En esta película, Premio Especial del Jurado en el pasado Festival de Cannes, Lee evita las peroratas didácticas y el formato fílmico “cóctel molotov” y adopta un tono displicente-socarrón muy logrado para contar una buena historia. Se basa en un libro de memorias de Ron Stallworth, primer policía negro de Colorado Springs.
En los años setenta, en un momento álgido de la lucha por los derechos civiles, Stallworth (muy bien interpretado por John David Washington, hijo de Denzel, actor de cabecera de Lee) trabaja con entrega y determinación para hacer bien su trabajo, sufriendo humillaciones y desaires de algunos compañeros. Incluso acepta investigar posibles conductas violentas en movimientos que defienden los derechos de las personas de su raza.

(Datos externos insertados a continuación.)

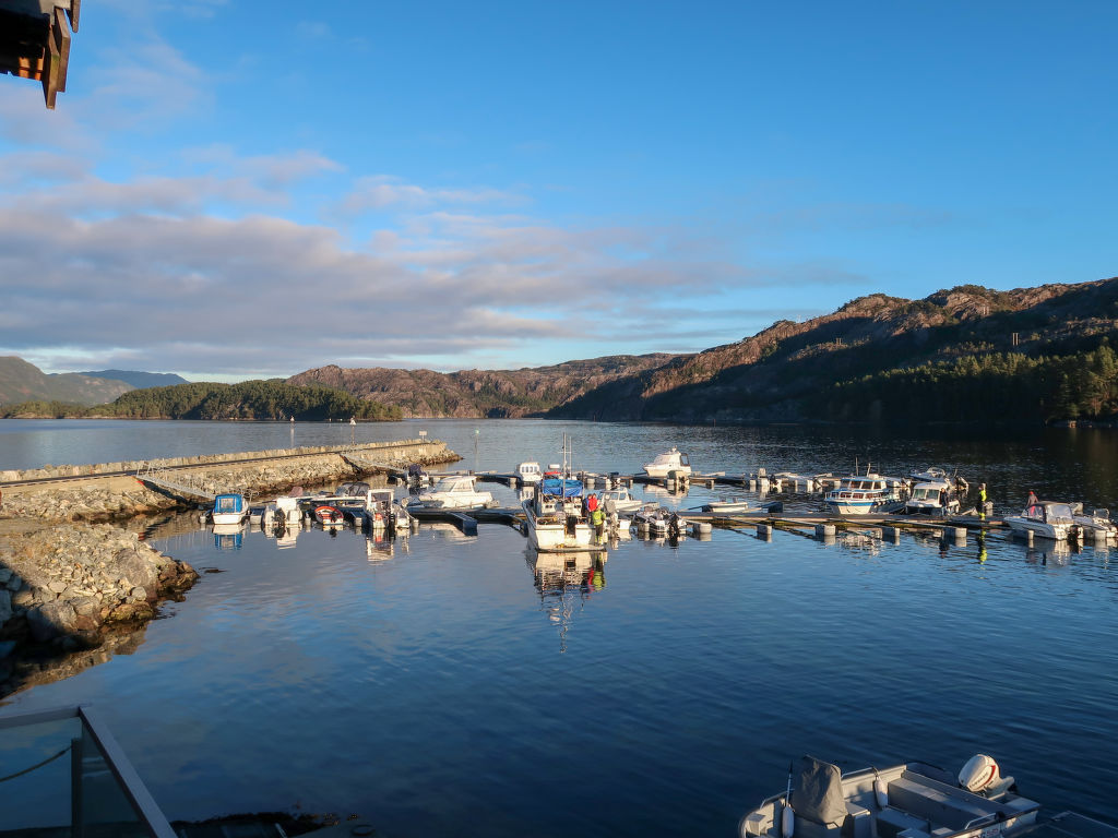Das 2016 gebaute Ferienhaus steht in herrlicher Lage im Dorf Huglo auf der gleichnamigen Insel (Fährverbindung) direkt am Langenuenfjord. Kaufmann in ca. 200 m. Die Nachbarinsel Stord liegt inmitten einem fischreichen Schärengebiet. Leirvik mit Hallenbad, Freilichtmuseum und Einkaufszentrum liegt 17 km, Haugesund 72 km südlich (jeweils + Fähre). Tagesausflüge in die sehenswerte, ehemalige Hansestadt Bergen (71 km + Fähren). Sehr gutes Angelgebiet (ZERTIFIZIERTES ANGELHAUS). 18-Fuß-Boot mit 40-PS-Motor mit Echolot und GPS (NOK 4000 pro Woche auf Bestellung zu mieten) am eigenen Bootssteg mit Fischveranbeitungstisch. Auf der Nachbarinsel Tsynes, deutschsprachiger Angelguide. Das geräumige Haus ist gemütlich und hell eingerichtet. Im Erdgeschoss großer Aufenthaltsraum mit viel Platz für Angelutensilien und gemütlicher Sitzecke. Von hier direkter Zugang zu 50 m² großer Terrasse mit Gartenmöbeln und transportablem Außengrill. 2 Balkons. Parken am Haus..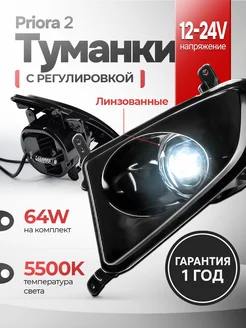 Противотуманные фары с линзой 64 Ватт Приора 2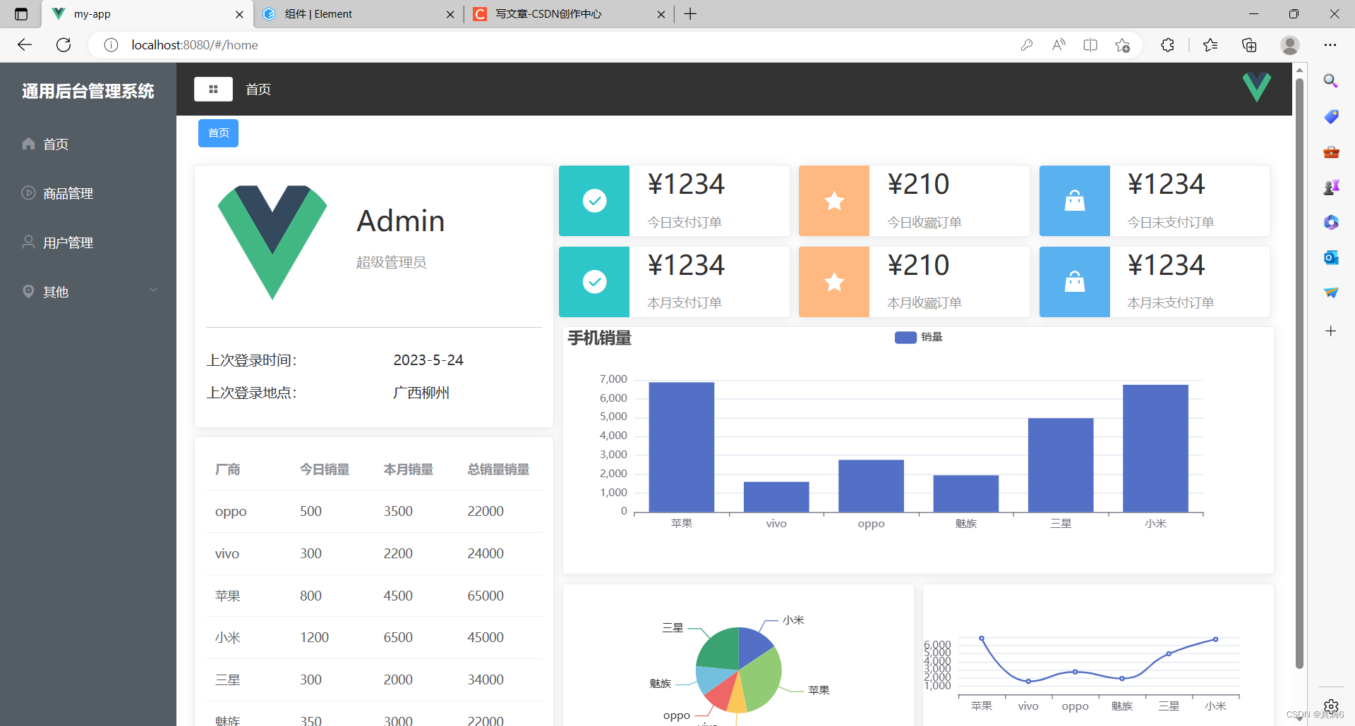 首页部分分为三部分,导航栏部分使用的是由Element ui 所提供的组件,主页面则使用 ECharts 对 mock 模拟的数据进行渲染,顶部 header 部分包含一个面包屑组件也可对页面进行跳转。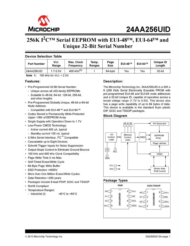24AA256UID 256K I2C Serial EEPROM with EUI-48, EUI-64 and Unique 32-Bit (06/26/2013)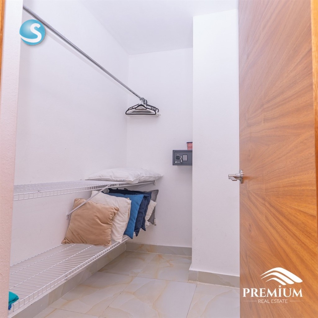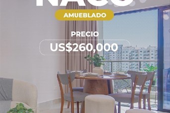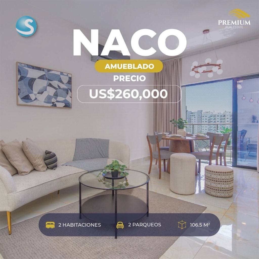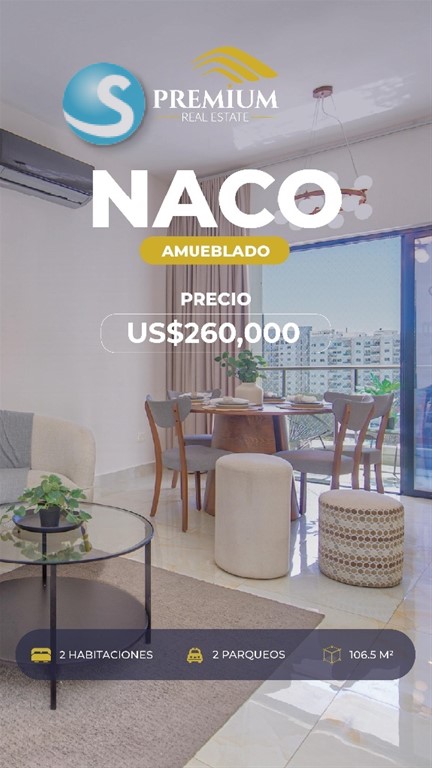 Naco | Distrito Nacional Nivel alto 106.5 m² 2 habitaciones 2 baños 2 parqueos soterrados Sala Comedor Cocina Balcón con vista abierta Walk-in closet en habitación principal Construcción moderna Acceso controlado Lobby climatizado Área social con terraza y BBQ 2 picuzzis Gimnasio equipado Sala de cine Salón de eventos Totalmente amueblado Ubicación estratégica en el Distrito Nacional Precio USD$260,000.00

Cuando Stallworth decide, por su cuenta, llamar por teléfono a un supremacista haciéndose pasar por racista, recibe una invitación para contactar personalmente. Y claro, eso le obliga a pedir ayuda a un compañero detective de color blanco, Flip Zimmerman (otro gran trabajo de Adam Driver).
El retrato de los ambientes del Ku Klux Klan es inteligente: tipos fanatizados, patanes sin cultura, odiadores profesionales. Aunque la película tiene un metraje abrumador, se sigue con interés y el ritmo no decae. La coda final es un recordatorio en formato documental de que el fanatismo sigue vivo.